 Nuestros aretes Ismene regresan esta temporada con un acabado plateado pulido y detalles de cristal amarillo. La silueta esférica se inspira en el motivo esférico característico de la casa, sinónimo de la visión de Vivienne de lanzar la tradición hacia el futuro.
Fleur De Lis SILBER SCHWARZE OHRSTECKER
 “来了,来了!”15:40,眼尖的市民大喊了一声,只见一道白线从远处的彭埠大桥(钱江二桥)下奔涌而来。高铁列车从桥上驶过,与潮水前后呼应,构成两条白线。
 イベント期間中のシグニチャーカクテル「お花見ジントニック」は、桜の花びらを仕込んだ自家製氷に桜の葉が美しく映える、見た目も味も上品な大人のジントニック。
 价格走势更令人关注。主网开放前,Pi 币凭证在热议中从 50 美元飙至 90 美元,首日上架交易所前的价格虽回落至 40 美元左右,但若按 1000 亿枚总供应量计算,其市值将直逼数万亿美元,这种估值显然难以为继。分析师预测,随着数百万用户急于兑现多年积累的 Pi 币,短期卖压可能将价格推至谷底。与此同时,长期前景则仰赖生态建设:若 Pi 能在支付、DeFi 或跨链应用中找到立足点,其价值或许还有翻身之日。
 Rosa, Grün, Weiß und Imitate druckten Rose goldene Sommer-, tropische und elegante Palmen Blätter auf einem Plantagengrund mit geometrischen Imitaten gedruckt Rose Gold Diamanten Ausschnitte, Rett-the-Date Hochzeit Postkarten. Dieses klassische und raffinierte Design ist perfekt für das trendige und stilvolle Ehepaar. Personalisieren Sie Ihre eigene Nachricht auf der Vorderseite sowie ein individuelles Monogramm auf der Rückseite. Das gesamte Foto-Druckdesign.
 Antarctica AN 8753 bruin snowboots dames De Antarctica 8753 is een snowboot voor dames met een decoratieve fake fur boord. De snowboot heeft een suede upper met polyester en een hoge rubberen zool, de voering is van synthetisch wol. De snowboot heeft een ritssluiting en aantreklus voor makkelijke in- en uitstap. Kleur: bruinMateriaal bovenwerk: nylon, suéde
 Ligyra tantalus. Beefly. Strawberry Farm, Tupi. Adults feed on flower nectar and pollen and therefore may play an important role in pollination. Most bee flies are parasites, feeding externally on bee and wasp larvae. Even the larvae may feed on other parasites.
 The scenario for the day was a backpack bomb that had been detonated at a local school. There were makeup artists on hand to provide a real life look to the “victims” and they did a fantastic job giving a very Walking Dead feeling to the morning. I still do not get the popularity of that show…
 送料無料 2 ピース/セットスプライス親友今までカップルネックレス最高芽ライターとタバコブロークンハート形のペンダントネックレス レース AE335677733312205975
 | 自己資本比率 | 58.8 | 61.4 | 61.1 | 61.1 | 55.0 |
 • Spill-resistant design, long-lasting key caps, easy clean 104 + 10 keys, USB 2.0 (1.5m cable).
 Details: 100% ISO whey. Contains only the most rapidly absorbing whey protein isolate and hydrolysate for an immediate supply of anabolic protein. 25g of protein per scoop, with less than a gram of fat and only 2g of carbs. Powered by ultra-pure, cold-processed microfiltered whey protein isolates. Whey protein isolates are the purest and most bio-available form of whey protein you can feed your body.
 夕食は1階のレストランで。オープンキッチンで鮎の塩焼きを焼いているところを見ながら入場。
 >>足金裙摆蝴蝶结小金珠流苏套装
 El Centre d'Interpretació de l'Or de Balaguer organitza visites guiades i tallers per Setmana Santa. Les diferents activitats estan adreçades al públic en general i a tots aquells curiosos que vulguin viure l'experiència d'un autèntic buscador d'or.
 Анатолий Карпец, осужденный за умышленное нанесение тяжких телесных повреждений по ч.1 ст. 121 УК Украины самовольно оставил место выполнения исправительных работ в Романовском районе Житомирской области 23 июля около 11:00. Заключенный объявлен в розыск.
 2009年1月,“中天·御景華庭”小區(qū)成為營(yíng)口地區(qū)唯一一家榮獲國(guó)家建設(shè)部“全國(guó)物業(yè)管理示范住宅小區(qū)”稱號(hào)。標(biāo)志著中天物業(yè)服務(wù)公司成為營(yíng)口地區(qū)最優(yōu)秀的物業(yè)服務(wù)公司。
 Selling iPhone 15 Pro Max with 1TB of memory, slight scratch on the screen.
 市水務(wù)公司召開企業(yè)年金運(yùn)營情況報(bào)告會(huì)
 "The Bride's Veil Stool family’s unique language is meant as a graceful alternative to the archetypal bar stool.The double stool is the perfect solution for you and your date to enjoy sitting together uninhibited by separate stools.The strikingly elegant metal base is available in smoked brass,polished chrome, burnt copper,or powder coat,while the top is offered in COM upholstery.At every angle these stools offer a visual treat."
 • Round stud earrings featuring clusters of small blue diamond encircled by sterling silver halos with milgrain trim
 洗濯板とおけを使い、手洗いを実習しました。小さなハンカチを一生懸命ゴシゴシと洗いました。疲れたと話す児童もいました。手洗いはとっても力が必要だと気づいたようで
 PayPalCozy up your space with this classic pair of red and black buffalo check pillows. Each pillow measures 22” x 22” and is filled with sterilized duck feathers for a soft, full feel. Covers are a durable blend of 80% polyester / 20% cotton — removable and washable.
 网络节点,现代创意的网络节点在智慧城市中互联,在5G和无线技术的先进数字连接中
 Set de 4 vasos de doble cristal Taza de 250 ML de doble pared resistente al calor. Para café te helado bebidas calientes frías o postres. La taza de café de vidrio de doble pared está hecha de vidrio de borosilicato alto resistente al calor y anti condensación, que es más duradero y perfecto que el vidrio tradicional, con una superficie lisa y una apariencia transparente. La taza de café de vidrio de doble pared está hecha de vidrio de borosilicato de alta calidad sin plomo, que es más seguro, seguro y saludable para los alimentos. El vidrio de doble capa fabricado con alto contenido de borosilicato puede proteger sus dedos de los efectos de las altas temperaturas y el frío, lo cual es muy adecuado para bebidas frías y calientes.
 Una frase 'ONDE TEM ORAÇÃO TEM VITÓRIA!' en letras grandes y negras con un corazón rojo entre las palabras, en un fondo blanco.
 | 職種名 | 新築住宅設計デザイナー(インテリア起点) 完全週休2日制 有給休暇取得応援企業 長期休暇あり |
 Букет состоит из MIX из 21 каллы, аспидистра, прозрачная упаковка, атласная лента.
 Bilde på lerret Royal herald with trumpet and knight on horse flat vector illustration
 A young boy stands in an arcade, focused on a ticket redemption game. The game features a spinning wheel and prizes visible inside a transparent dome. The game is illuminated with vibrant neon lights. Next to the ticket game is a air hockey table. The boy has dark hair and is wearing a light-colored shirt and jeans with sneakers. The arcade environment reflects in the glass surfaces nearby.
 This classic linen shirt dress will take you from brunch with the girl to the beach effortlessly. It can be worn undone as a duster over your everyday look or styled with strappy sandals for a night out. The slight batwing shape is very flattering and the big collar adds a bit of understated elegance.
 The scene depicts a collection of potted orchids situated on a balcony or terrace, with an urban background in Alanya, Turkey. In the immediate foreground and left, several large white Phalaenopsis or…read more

○ ○ ○ ○ ○ ○ ○

**TASK BRIEF:** Your task is to quote all of the data word for word.

**RESULT:**
 Nuestros aretes Ismene regresan esta temporada con un acabado plateado pulido y detalles de cristal amarillo. La silueta esférica se inspira en el motivo esférico característico de la casa, sinónimo de la visión de Vivienne de lanzar la tradición hacia el futuro.
Fleur De Lis SILBER SCHWARZE OHRSTECKER
 “来了,来了!”15:40,眼尖的市民大喊了一声,只见一道白线从远处的彭埠大桥(钱江二桥)下奔涌而来。高铁列车从桥上驶过,与潮水前后呼应,构成两条白线。
 イベント期間中のシグニチャーカクテル「お花見ジントニック」は、桜の花びらを仕込んだ自家製氷に桜の葉が美しく映える、見た目も味も上品な大人のジントニック。
 价格走势更令人关注。主网开放前,Pi 币凭证在热议中从 50 美元飙至 90 美元,首日上架交易所前的价格虽回落至 40 美元左右,但若按 1000 亿枚总供应量计算,其市值将直逼数万亿美元,这种估值显然难以为继。分析师预测,随着数百万用户急于兑现多年积累的 Pi 币,短期卖压可能将价格推至谷底。与此同时,长期前景则仰赖生态建设:若 Pi 能在支付、DeFi 或跨链应用中找到立足点,其价值或许还有翻身之日。
 Rosa, Grün, Weiß und Imitate druckten Rose goldene Sommer-, tropische und elegante Palmen Blätter auf einem Plantagengrund mit geometrischen Imitaten gedruckt Rose Gold Diamanten Ausschnitte, Rett-the-Date Hochzeit Postkarten. Dieses klassische und raffinierte Design ist perfekt für das trendige und stilvolle Ehepaar. Personalisieren Sie Ihre eigene Nachricht auf der Vorderseite sowie ein individuelles Monogramm auf der Rückseite. Das gesamte Foto-Druckdesign.
 Antarctica AN 8753 bruin snowboots dames De Antarctica 8753 is een snowboot voor dames met een decoratieve fake fur boord. De snowboot heeft een suede upper met polyester en een hoge rubberen zool, de voering is van synthetisch wol. De snowboot heeft een ritssluiting en aantreklus voor makkelijke in- en uitstap. Kleur: bruinMateriaal bovenwerk: nylon, suéde
 Ligyra tantalus. Beefly. Strawberry Farm, Tupi. Adults feed on flower nectar and pollen and therefore may play an important role in pollination. Most bee flies are parasites, feeding externally on bee and wasp larvae. Even the larvae may feed on other parasites.
 The scenario for the day was a backpack bomb that had been detonated at a local school. There were makeup artists on hand to provide a real life look to the “victims” and they did a fantastic job giving a very Walking Dead feeling to the morning. I still do not get the popularity of that show…
 送料無料 2 ピース/セットスプライス親友今までカップルネックレス最高芽ライターとタバコブロークンハート形のペンダントネックレス レース AE335677733312205975
 | 自己資本比率 | 58.8 | 61.4 | 61.1 | 61.1 | 55.0 |
 • Spill-resistant design, long-lasting key caps, easy clean 104 + 10 keys, USB 2.0 (1.5m cable).
 Details: 100% ISO whey. Contains only the most rapidly absorbing whey protein isolate and hydrolysate for an immediate supply of anabolic protein. 25g of protein per scoop, with less than a gram of fat and only 2g of carbs. Powered by ultra-pure, cold-processed microfiltered whey protein isolates. Whey protein isolates are the purest and most bio-available form of whey protein you can feed your body.
 夕食は1階のレストランで。オープンキッチンで鮎の塩焼きを焼いているところを見ながら入場。
 >>足金裙摆蝴蝶结小金珠流苏套装
 El Centre d'Interpretació de l'Or de Balaguer organitza visites guiades i tallers per Setmana Santa. Les diferents activitats estan adreçades al públic en general i a tots aquells curiosos que vulguin viure l'experiència d'un autèntic buscador d'or.
 Анатолий Карпец, осужденный за умышленное нанесение тяжких телесных повреждений по ч.1 ст. 121 УК Украины самовольно оставил место выполнения исправительных работ в Романовском районе Житомирской области 23 июля около 11:00. Заключенный объявлен в розыск.
 2009年1月,“中天·御景華庭”小區(qū)成為營(yíng)口地區(qū)唯一一家榮獲國(guó)家建設(shè)部“全國(guó)物業(yè)管理示范住宅小區(qū)”稱號(hào)。標(biāo)志著中天物業(yè)服務(wù)公司成為營(yíng)口地區(qū)最優(yōu)秀的物業(yè)服務(wù)公司。
 Selling iPhone 15 Pro Max with 1TB of memory, slight scratch on the screen.
 市水務(wù)公司召開企業(yè)年金運(yùn)營情況報(bào)告會(huì)
 "The Bride's Veil Stool family’s unique language is meant as a graceful alternative to the archetypal bar stool.The double stool is the perfect solution for you and your date to enjoy sitting together uninhibited by separate stools.The strikingly elegant metal base is available in smoked brass,polished chrome, burnt copper,or powder coat,while the top is offered in COM upholstery.At every angle these stools offer a visual treat."
 • Round stud earrings featuring clusters of small blue diamond encircled by sterling silver halos with milgrain trim
 洗濯板とおけを使い、手洗いを実習しました。小さなハンカチを一生懸命ゴシゴシと洗いました。疲れたと話す児童もいました。手洗いはとっても力が必要だと気づいたようで
 PayPalCozy up your space with this classic pair of red and black buffalo check pillows. Each pillow measures 22” x 22” and is filled with sterilized duck feathers for a soft, full feel. Covers are a durable blend of 80% polyester / 20% cotton — removable and washable.
 网络节点,现代创意的网络节点在智慧城市中互联,在5G和无线技术的先进数字连接中
 Set de 4 vasos de doble cristal Taza de 250 ML de doble pared resistente al calor. Para café te helado bebidas calientes frías o postres. La taza de café de vidrio de doble pared está hecha de vidrio de borosilicato alto resistente al calor y anti condensación, que es más duradero y perfecto que el vidrio tradicional, con una superficie lisa y una apariencia transparente. La taza de café de vidrio de doble pared está hecha de vidrio de borosilicato de alta calidad sin plomo, que es más seguro, seguro y saludable para los alimentos. El vidrio de doble capa fabricado con alto contenido de borosilicato puede proteger sus dedos de los efectos de las altas temperaturas y el frío, lo cual es muy adecuado para bebidas frías y calientes.
 Una frase 'ONDE TEM ORAÇÃO TEM VITÓRIA!' en letras grandes y negras con un corazón rojo entre las palabras, en un fondo blanco.
 | 職種名 | 新築住宅設計デザイナー(インテリア起点) 完全週休2日制 有給休暇取得応援企業 長期休暇あり |
 Букет состоит из MIX из 21 каллы, аспидистра, прозрачная упаковка, атласная лента.
 Bilde på lerret Royal herald with trumpet and knight on horse flat vector illustration
 A young boy stands in an arcade, focused on a ticket redemption game. The game features a spinning wheel and prizes visible inside a transparent dome. The game is illuminated with vibrant neon lights. Next to the ticket game is a air hockey table. The boy has dark hair and is wearing a light-colored shirt and jeans with sneakers. The arcade environment reflects in the glass surfaces nearby.
 This classic linen shirt dress will take you from brunch with the girl to the beach effortlessly. It can be worn undone as a duster over your everyday look or styled with strappy sandals for a night out. The slight batwing shape is very flattering and the big collar adds a bit of understated elegance.
 The scene depicts a collection of potted orchids situated on a balcony or terrace, with an urban background in Alanya, Turkey. In the immediate foreground and left, several large white Phalaenopsis or…read more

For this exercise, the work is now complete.